▸ Exercise instructions
From the line containing "An upgraded roster" down to the line containing "Jakarlı çizgili triko", copy out the entries below exactly, both lines included, and nothing else; pictures do not belong in the copy.

[[ Extracted data, beginning ]]

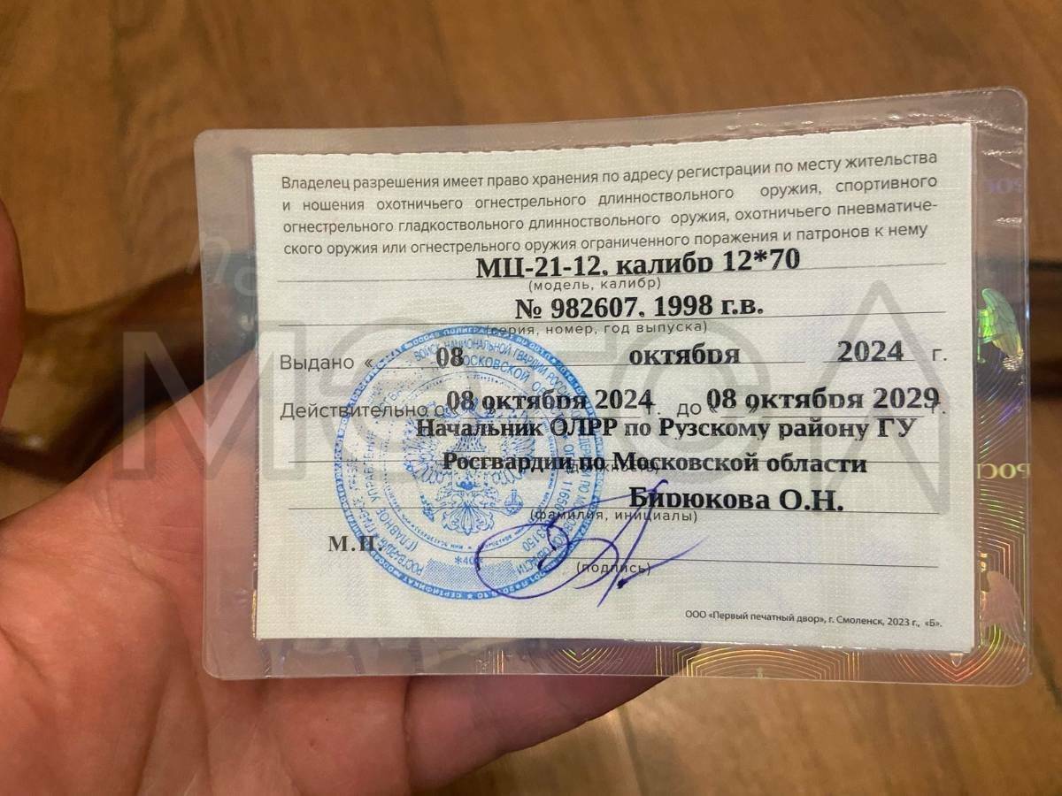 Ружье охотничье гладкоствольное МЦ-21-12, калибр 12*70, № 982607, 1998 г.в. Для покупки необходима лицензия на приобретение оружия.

[[ Extracted data, end ]]
[[ Extracted data, beginning ]]

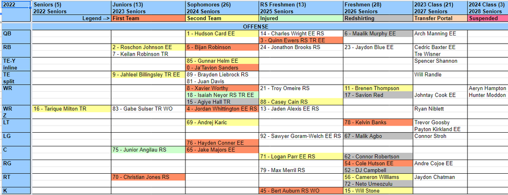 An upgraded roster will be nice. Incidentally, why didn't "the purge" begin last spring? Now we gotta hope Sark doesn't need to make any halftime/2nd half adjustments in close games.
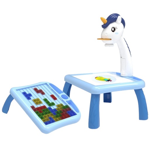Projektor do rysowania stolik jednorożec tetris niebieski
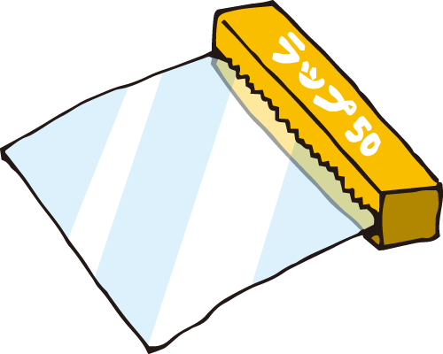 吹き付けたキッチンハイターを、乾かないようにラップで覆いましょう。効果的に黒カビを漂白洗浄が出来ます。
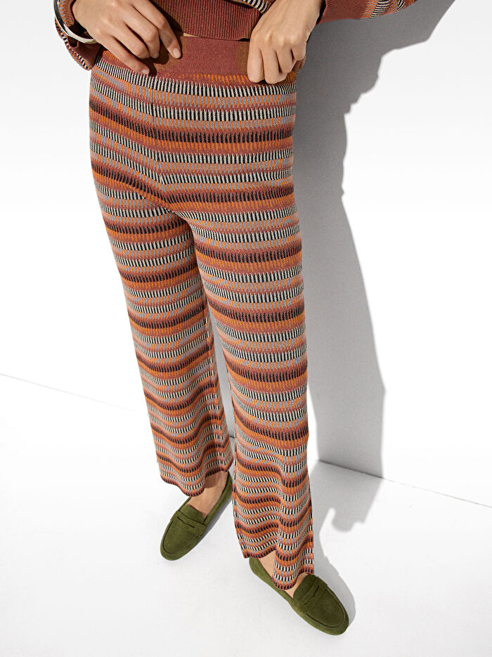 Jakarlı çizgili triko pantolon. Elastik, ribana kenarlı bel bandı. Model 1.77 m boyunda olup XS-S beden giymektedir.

[[ Extracted data, end ]]
[[ Extracted data, beginning ]]

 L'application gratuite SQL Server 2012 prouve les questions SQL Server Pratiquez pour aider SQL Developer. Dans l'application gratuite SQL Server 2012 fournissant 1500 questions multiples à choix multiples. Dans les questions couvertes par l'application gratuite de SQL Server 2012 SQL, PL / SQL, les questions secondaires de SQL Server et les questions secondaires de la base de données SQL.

[[ Extracted data, end ]]

▸ Answer to the problem
 An upgraded roster will be nice. Incidentally, why didn't "the purge" begin last spring? Now we gotta hope Sark doesn't need to make any halftime/2nd half adjustments in close games.
Projektor do rysowania stolik jednorożec tetris niebieski
 吹き付けたキッチンハイターを、乾かないようにラップで覆いましょう。効果的に黒カビを漂白洗浄が出来ます。
 Jakarlı çizgili triko pantolon. Elastik, ribana kenarlı bel bandı. Model 1.77 m boyunda olup XS-S beden giymektedir.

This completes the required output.